• [Task to complete]
Print the data exactly. Pictures stay out.

• [Data section]

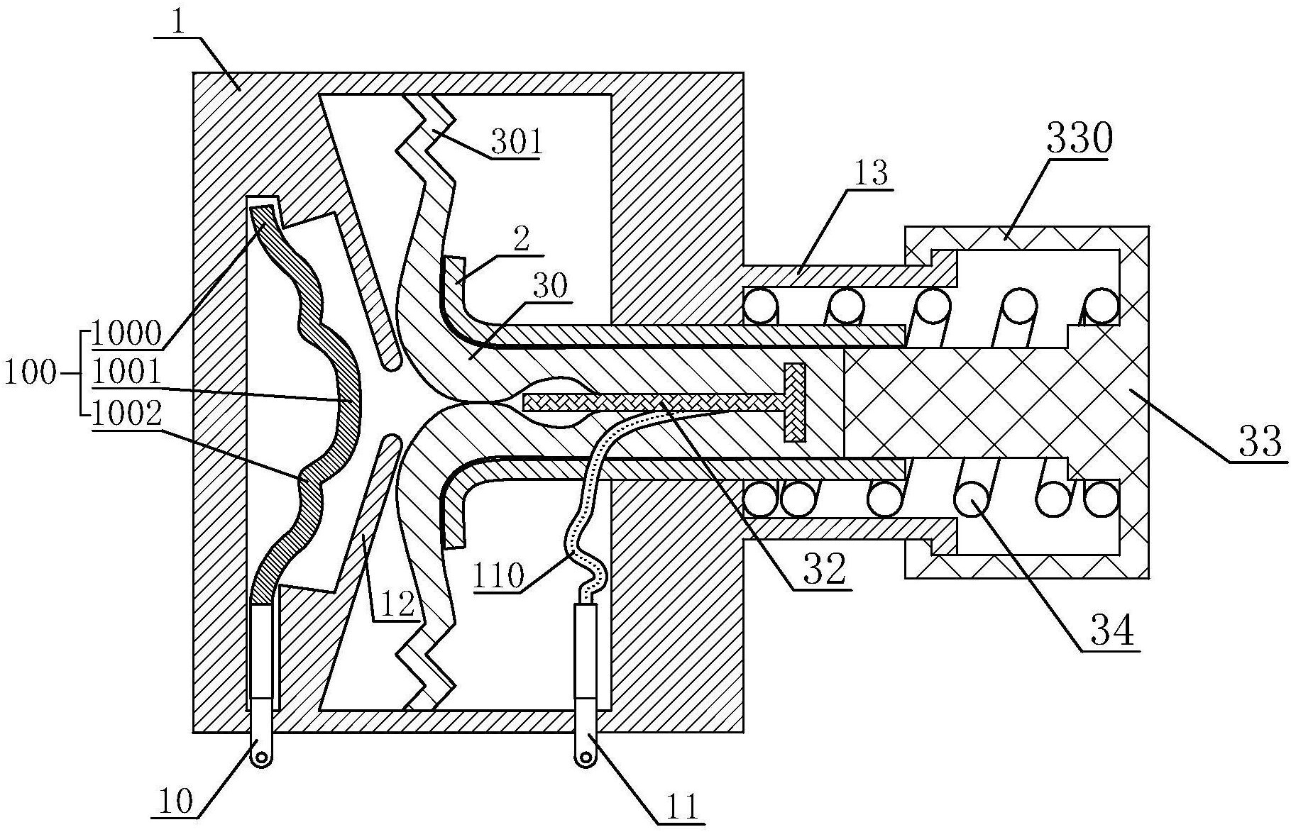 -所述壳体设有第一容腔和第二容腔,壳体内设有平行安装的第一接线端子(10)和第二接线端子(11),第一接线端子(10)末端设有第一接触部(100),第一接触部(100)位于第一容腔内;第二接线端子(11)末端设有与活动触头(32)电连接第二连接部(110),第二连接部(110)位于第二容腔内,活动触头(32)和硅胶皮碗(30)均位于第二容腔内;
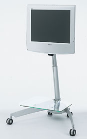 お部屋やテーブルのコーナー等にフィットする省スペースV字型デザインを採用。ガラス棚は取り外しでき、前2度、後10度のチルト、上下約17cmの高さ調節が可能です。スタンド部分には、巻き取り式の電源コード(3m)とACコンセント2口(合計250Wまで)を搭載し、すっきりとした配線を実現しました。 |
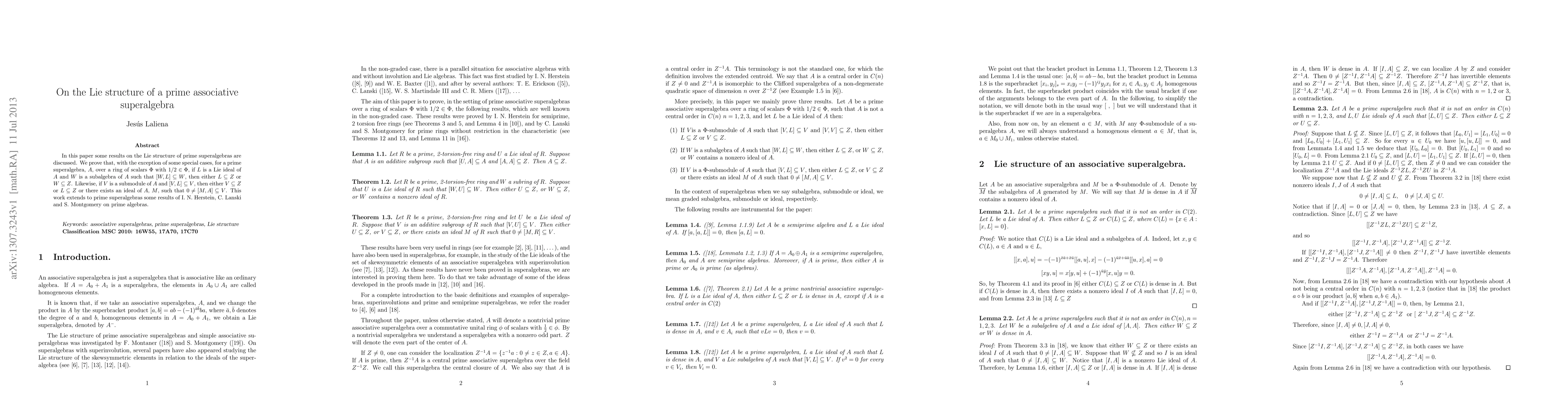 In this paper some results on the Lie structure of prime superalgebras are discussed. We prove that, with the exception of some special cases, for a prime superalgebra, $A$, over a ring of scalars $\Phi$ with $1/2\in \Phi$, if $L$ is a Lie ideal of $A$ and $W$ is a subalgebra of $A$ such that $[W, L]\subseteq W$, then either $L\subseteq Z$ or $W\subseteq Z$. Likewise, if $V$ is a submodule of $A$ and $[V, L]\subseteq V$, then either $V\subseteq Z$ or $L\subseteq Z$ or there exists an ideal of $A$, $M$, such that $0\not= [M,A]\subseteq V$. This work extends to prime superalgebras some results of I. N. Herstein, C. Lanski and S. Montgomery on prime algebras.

• [Answer space]
 -所述壳体设有第一容腔和第二容腔,壳体内设有平行安装的第一接线端子(10)和第二接线端子(11),第一接线端子(10)末端设有第一接触部(100),第一接触部(100)位于第一容腔内;第二接线端子(11)末端设有与活动触头(32)电连接第二连接部(110),第二连接部(110)位于第二容腔内,活动触头(32)和硅胶皮碗(30)均位于第二容腔内;
 お部屋やテーブルのコーナー等にフィットする省スペースV字型デザインを採用。ガラス棚は取り外しでき、前2度、後10度のチルト、上下約17cmの高さ調節が可能です。スタンド部分には、巻き取り式の電源コード(3m)とACコンセント2口(合計250Wまで)を搭載し、すっきりとした配線を実現しました。 |
 In this paper some results on the Lie structure of prime superalgebras are discussed. We prove that, with the exception of some special cases, for a prime superalgebra, $A$, over a ring of scalars $\Phi$ with $1/2\in \Phi$, if $L$ is a Lie ideal of $A$ and $W$ is a subalgebra of $A$ such that $[W, L]\subseteq W$, then either $L\subseteq Z$ or $W\subseteq Z$. Likewise, if $V$ is a submodule of $A$ and $[V, L]\subseteq V$, then either $V\subseteq Z$ or $L\subseteq Z$ or there exists an ideal of $A$, $M$, such that $0\not= [M,A]\subseteq V$. This work extends to prime superalgebras some results of I. N. Herstein, C. Lanski and S. Montgomery on prime algebras.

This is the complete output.